**WHAT YOU ARE ASKED TO DO:** Each line of the data must reappear exactly in your answer, with no images included.

**PROVIDED MATERIAL:**
☆ ☆ ☆ ☆ ☆
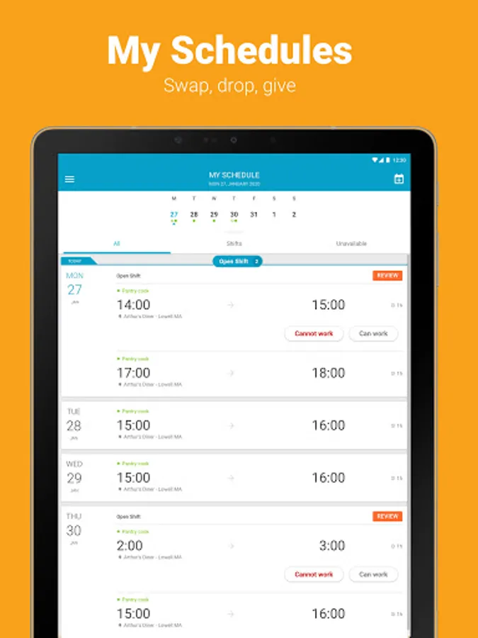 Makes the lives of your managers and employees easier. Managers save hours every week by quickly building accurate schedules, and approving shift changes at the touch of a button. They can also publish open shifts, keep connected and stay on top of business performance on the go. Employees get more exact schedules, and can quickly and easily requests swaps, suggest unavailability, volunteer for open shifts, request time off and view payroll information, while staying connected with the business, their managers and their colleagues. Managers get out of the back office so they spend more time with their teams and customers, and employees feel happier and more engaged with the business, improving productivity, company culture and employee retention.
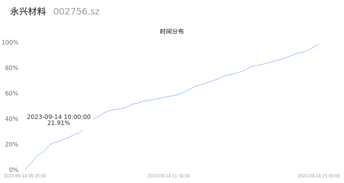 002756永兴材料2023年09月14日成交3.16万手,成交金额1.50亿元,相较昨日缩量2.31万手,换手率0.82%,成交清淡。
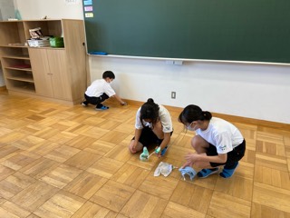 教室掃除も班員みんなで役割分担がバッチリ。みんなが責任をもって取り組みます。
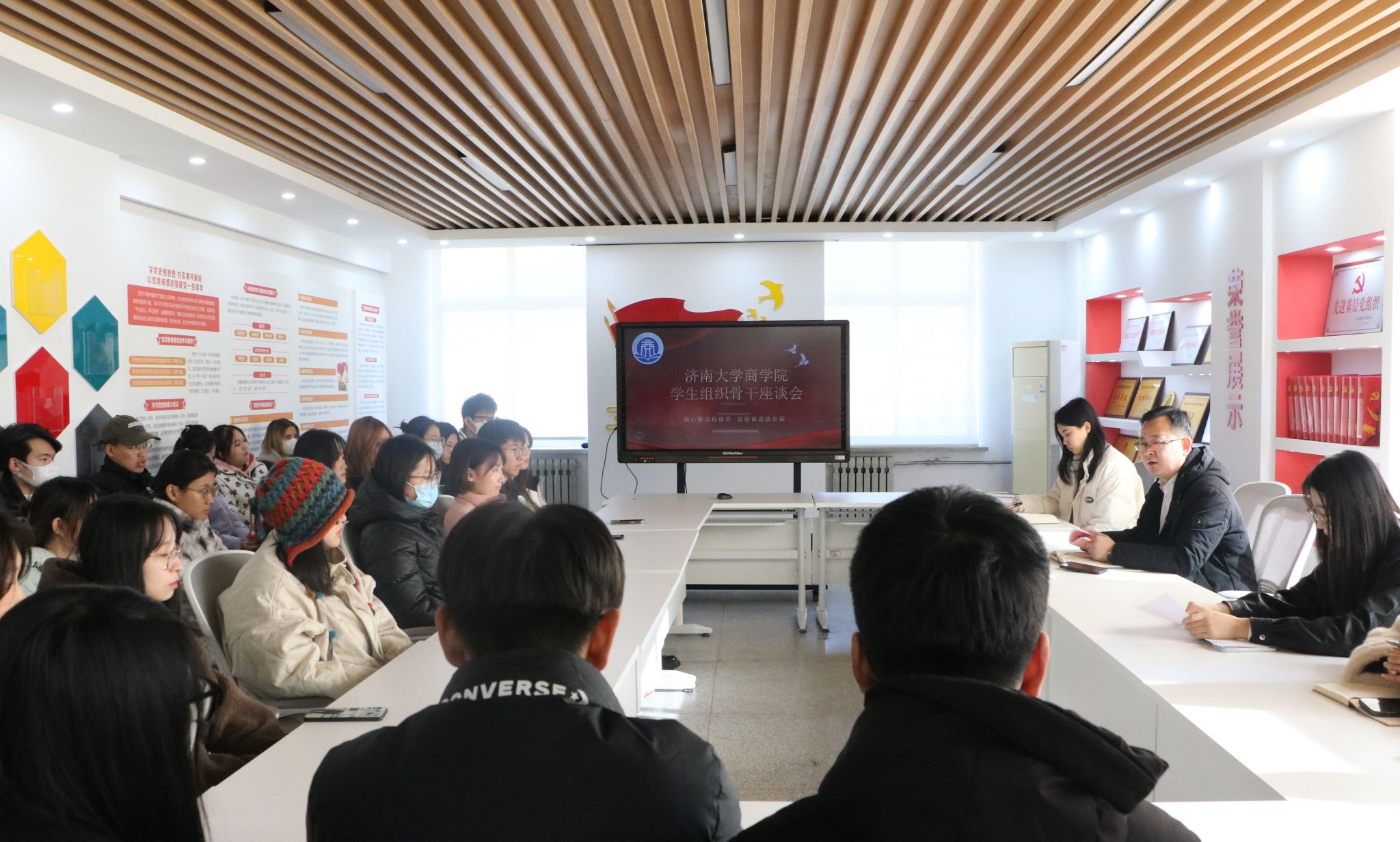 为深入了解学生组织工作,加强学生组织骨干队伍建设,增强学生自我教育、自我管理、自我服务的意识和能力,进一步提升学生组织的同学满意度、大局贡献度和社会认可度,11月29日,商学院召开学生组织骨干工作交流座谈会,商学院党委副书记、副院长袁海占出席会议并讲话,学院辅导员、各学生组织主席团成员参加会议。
☆ ☆ ☆ ☆ ☆
**OUTPUT OF THE TASK:**
 Makes the lives of your managers and employees easier. Managers save hours every week by quickly building accurate schedules, and approving shift changes at the touch of a button. They can also publish open shifts, keep connected and stay on top of business performance on the go. Employees get more exact schedules, and can quickly and easily requests swaps, suggest unavailability, volunteer for open shifts, request time off and view payroll information, while staying connected with the business, their managers and their colleagues. Managers get out of the back office so they spend more time with their teams and customers, and employees feel happier and more engaged with the business, improving productivity, company culture and employee retention.
 002756永兴材料2023年09月14日成交3.16万手,成交金额1.50亿元,相较昨日缩量2.31万手,换手率0.82%,成交清淡。
 教室掃除も班員みんなで役割分担がバッチリ。みんなが責任をもって取り組みます。
 为深入了解学生组织工作,加强学生组织骨干队伍建设,增强学生自我教育、自我管理、自我服务的意识和能力,进一步提升学生组织的同学满意度、大局贡献度和社会认可度,11月29日,商学院召开学生组织骨干工作交流座谈会,商学院党委副书记、副院长袁海占出席会议并讲话,学院辅导员、各学生组织主席团成员参加会议。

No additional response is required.